Exercises You Can Do At Your Desk

Posted May 23 2012 - 2:24pm

No matter how much fun that swivel chair is at work, it may be what’s destroying any hope you had for a flat stomach. Slouching over a computer all day is bound to reverse all those crunches you’ve been doing every morning.
 
Well, as it turns out, your desk job doesn’t have to stand in the way of that perfect bikini bod this summer (or a fit body anytime). Her Campus spoke with fitness expert Keli Calabrese to find out what exercises you can do at work. Here are some of her top suggestions. The best part:  you can do them without even leaving your chair!
 
desk work job girl stretching her arms at her desk computer binders graphs pie charts
 
*Do about 20 reps of each exercise.
 
Exercise Band
 
An exercise band is the perfect workout item to keep at your desk, says Calabrese.
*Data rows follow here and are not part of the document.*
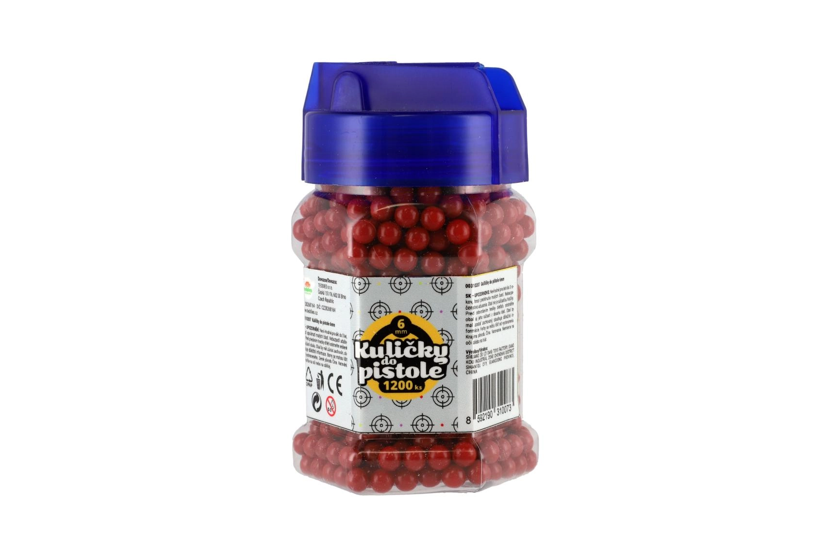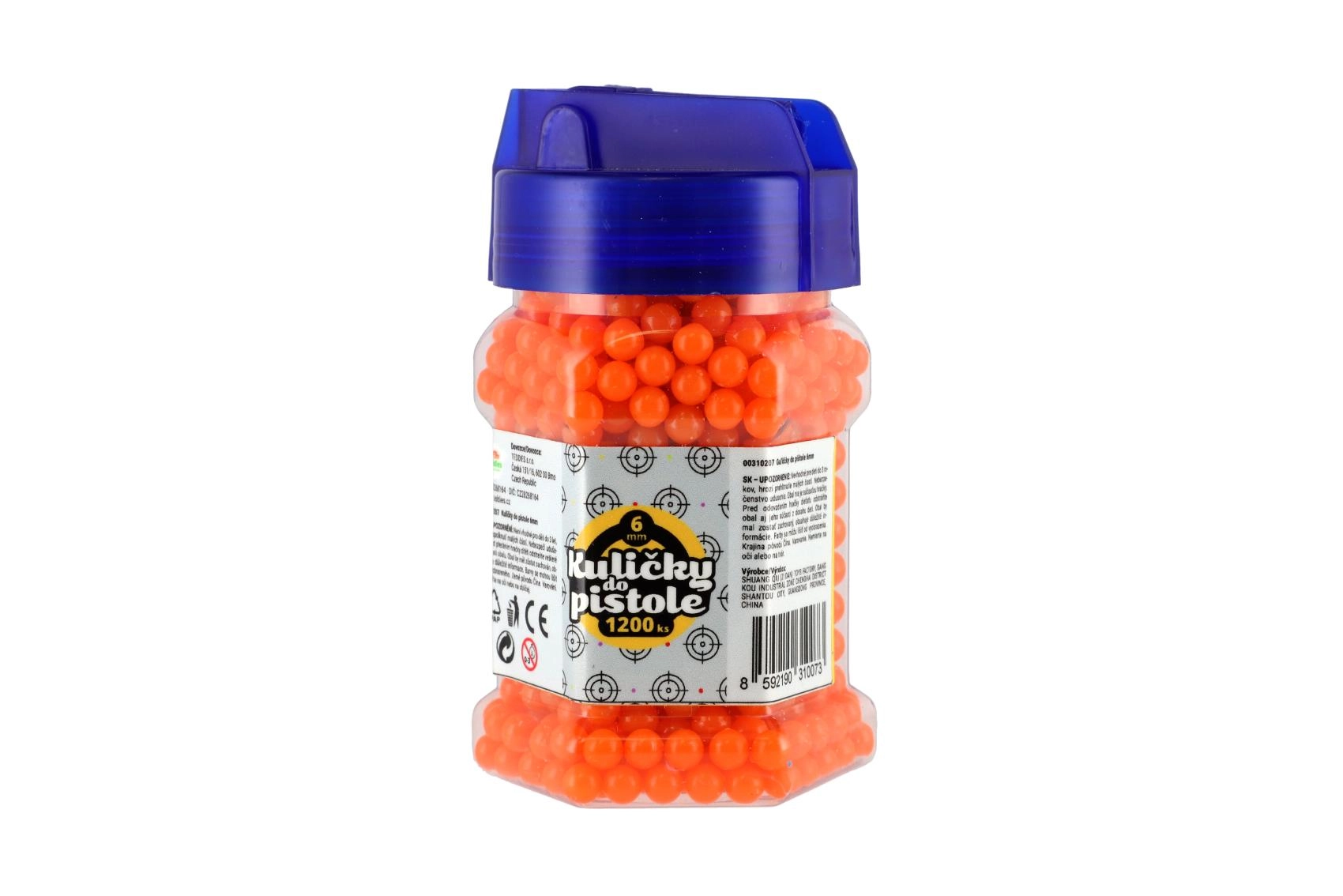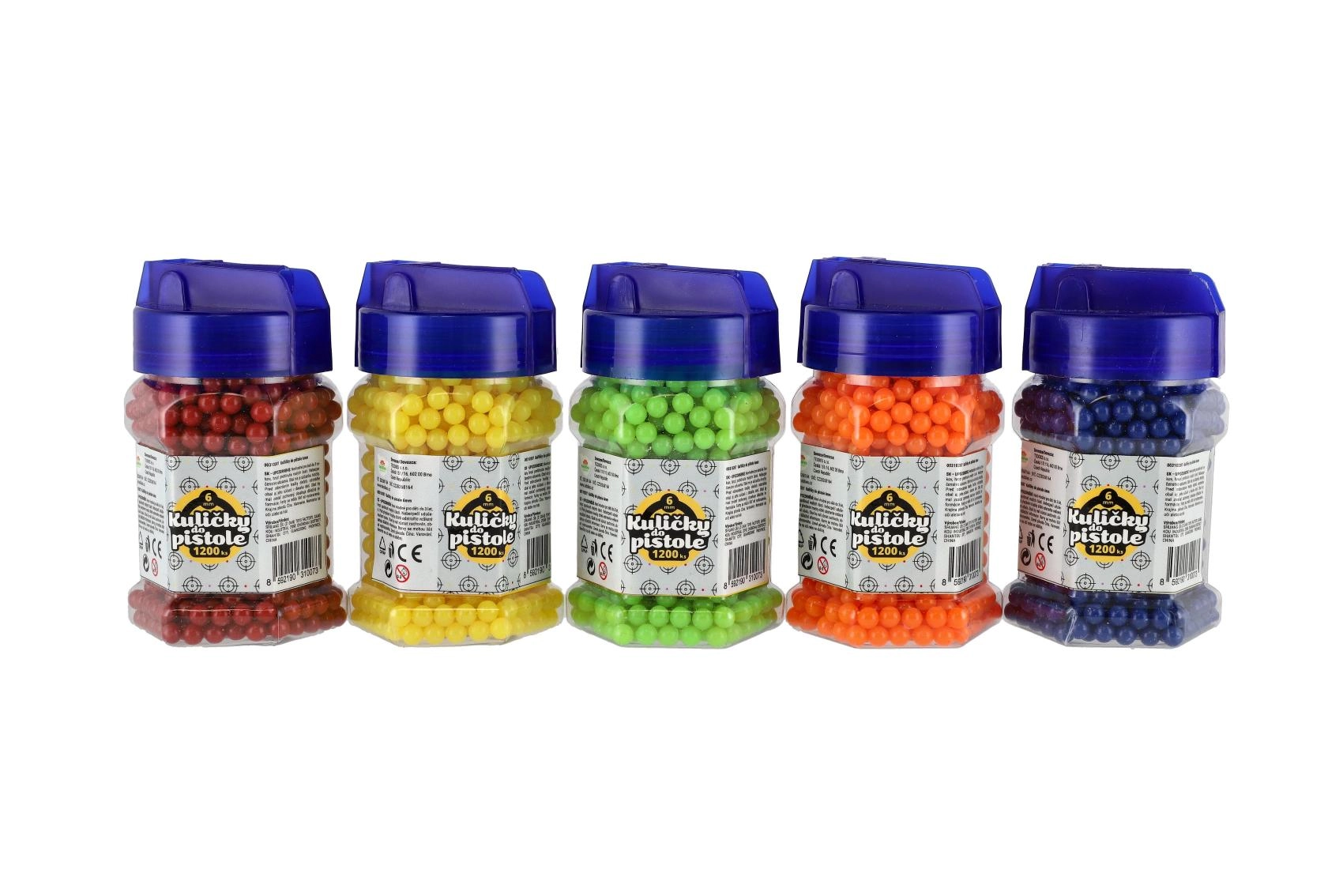 Резервни пластмасови топчета с диаметър 6 мм за детски пистолети – идеални за забавна стрелба по мишена. Опаковката съдържа 1200 леки топчета в практично шишенце с капачка за лесно дозиране и съхранение. Топчетата са налични в микс от цветове и са подходящи за стандартни детски играчки-пистолети.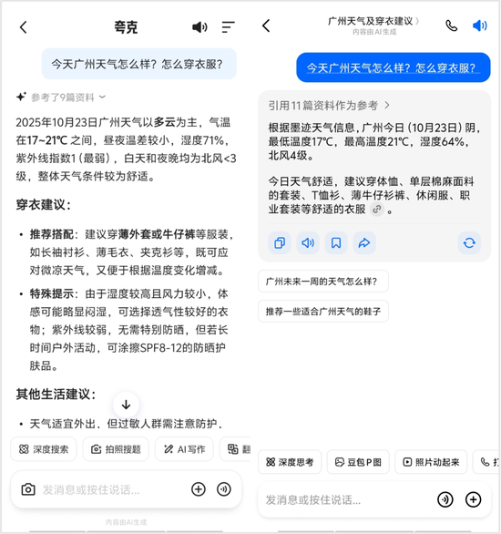 比如询问“今天广州天气怎么样?怎么穿衣服?”时,夸克助手的回答信息更细致,还扩展提供了生活建议;豆包则聚焦于天气与穿衣本身,风格更为精炼。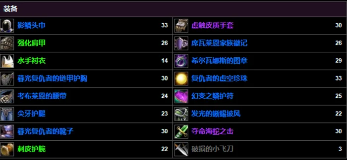首先看装备,大家都会注意到紫色的双手剑夺命海蛇之击。这个武器非常适合冲榜,幸好黑暗深渊CD只有3天,同时紫色武器的掉率也不低,只要坚持不懈,肯定会有好的收获。另一个值得注意的地方就是他没有穿上紫色锻造胸甲,而是选择了紫色的制皮手套。原因之一是手套不会与套装的位置互相冲突,同时制皮手套的特效是增加输出,而锻造胸甲的特效则是增加防御。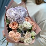 Красивый букет с гортензией и пионовидными розами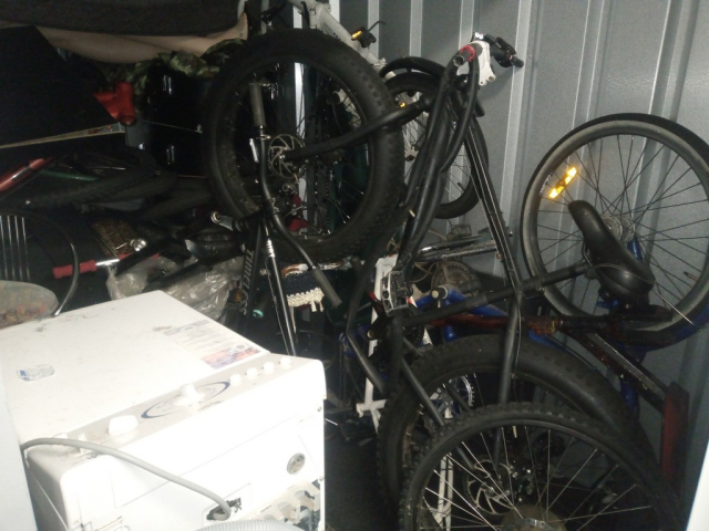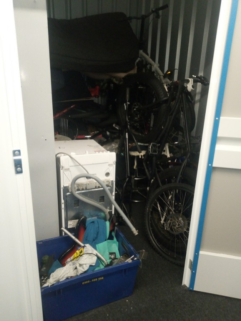 Myydään huutokaupalla kuvassa näkyvän varaston sisältö, vuokranantajan / haltijan lukuun.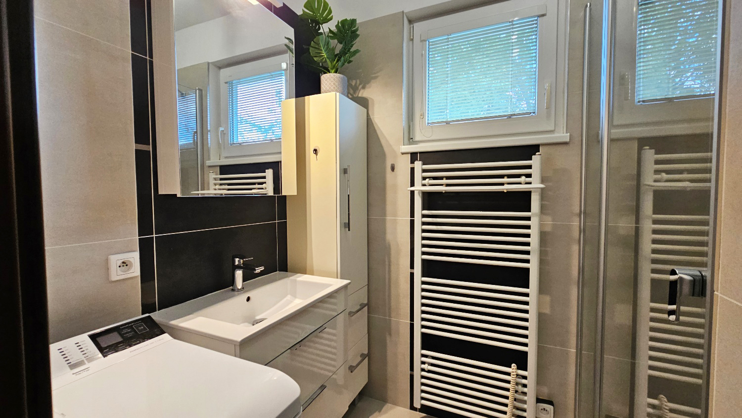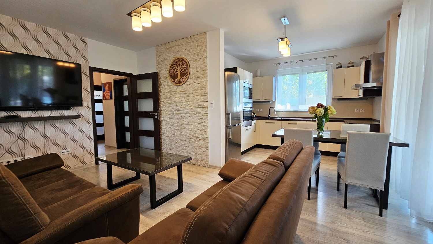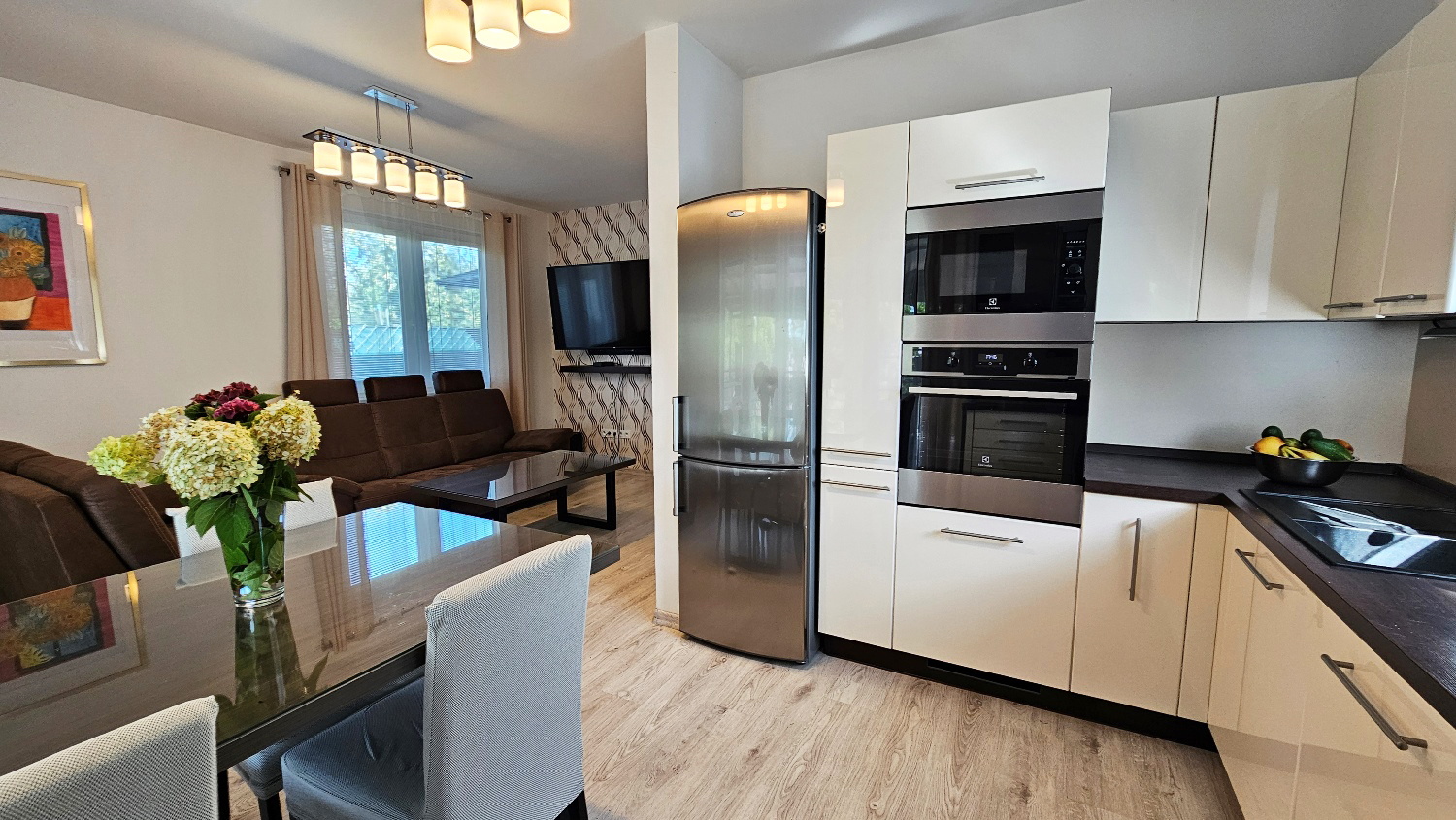 Dom z roku 2015 s betónovými základmi, zvislé nosné konštrukcie montované z prefabrikovaných dielcov na báze dreva. Elektrické podlahové kúrenie s termostatmi v každej miestnosti, plastové okná so žalúziami a sieťkami proti hmyzu. Podlaha laminátová alebo dlažba. Moderné zariadenie, kuchyňa Electrolux + Whirlpool, automatická práčka Electrolux, veľkoplošný televízor LG.

It’s super portable, can be stowed away in a drawer for whenever you need it, comes in almost any color imaginable, and costs only about $4.00.
 
Reverse Fly:
In this exercise, you should feel the triceps, shoulders, and your upper back working as you stretch the band.
 
Exercises where you sit up tall and use your upper body are great for when you’re “hinged forward at your desk all day,” says Calabrese.
 
resistance band exercises while sitting in a chair brunette doing arm exercises work out fitnessarm stretches arm workout resistance ban girl doing resistance band workouts in chair at work workout exercise fitness
 
Sit up tall in your chair. Holding the exercise band as resistance, take your arms out straight in front of you. Pull your arms out to the side. Bring arms back in front to repeat.
 
Bicep Curls:
bicep curls resistance band workout at work girl doing arm exercises in a chair sit down workout weights exercise fitnessThese are similar to a regular bicep curl with weights. At work though, you can get the same results using the exercise band – except you won’t have to haul around two ten- pound weights.
 

 
Sit on the edge of your seat, with your feet flat on the ground. Place the middle of the band under your feet. Hold one end of the band in each hand. Starting with your arms straight down, bend your elbows and pull your arms up towards your shoulders. Return to the starting position.
 
Lateral Pull:
 This exercise will work your shoulders, biceps, and upper back.
 
lateral pull resistance band seated workout girl working out in a chair exercise fitness shoulder muscleslateral pulls resistance band arm workouts without weights girl working out in a chair sit down workout fitness exercise
 
Sit up tall in your chair, back straight. Start with arms straight overhead, one end of the band in each hand. Bring arms down to the side, bending your elbows. Stop when elbows reach shoulder-height. Bring both arms back to starting position.
 
Rolling Chair
 
All you need for these exercises is a desk chair with wheels. If yours doesn’t have wheels, you can still do the incline bench or sit-squat exercises!
 
Incline Bench:
 
incline bench pushups on a chair at your desk workout exercise fitnessThis one will work your arms, shoulders, and back.
 
Use either a desk or your chair as a fill-in incline bench. Stand close to the desk or chair, then take one big step back. Keep your feet planted, and lean forward so your palms land on the surface of the desk or chair. Bend your elbows as you would in a normal push-up. Then straighten arms, and repeat.
 
Chair Rolls:
 This exercise is similar to using an exercise ball. It works your core, legs, and back.
 
Sit up tall in your chair. Dig your heels into the floor and push the chair back. Roll the chair front and back, just using your feet.
 
Sit and Squat:
  Looking for that perfect thigh-burning exercise for the office? This one’s it!
 
Start by simply sitting in your chair. Stand up, without moving the chair, then squat to sit back down. To make this a little harder and to really feel the burn, hold the squat (hovering just above the seat of the chair) for a few seconds.
 
Stretches
 
As with any exercise routine, always take the time to stretch. Calabrese says these stretches are also perfect to get the kinks out of your neck after a long day, or as a quick break from your work.
 
Back Twist:
Sit up in your chair. Rotate your upper body to the right, grabbing the back of the chair with your right hand. Hold for 20 seconds. Return to center, then switch sides.
 
Neck Pull:
Face straight ahead while sitting in a chair. Place left hand under the chair. Use the right hand to gently pull the neck towards your shoulder. Hold for 20 seconds. Return to center, then switch sides.
 
If you’re looking to get up out of your chair for a few minutes, and get your heart rate pumping a bit, Calabrese recommends these exercises:
 

  •  Jog around your desk a few times, then switch directions
  • Do 20-30 jumping jacks
  • Jump up and down on two feet
  • Jog in place, bringing your knees up close to your chest each time
  • Simulate a few boxing moves: punch, punch, jab, jab

 
Want the fastest way to add some fitness to your workday? Always take the stairs!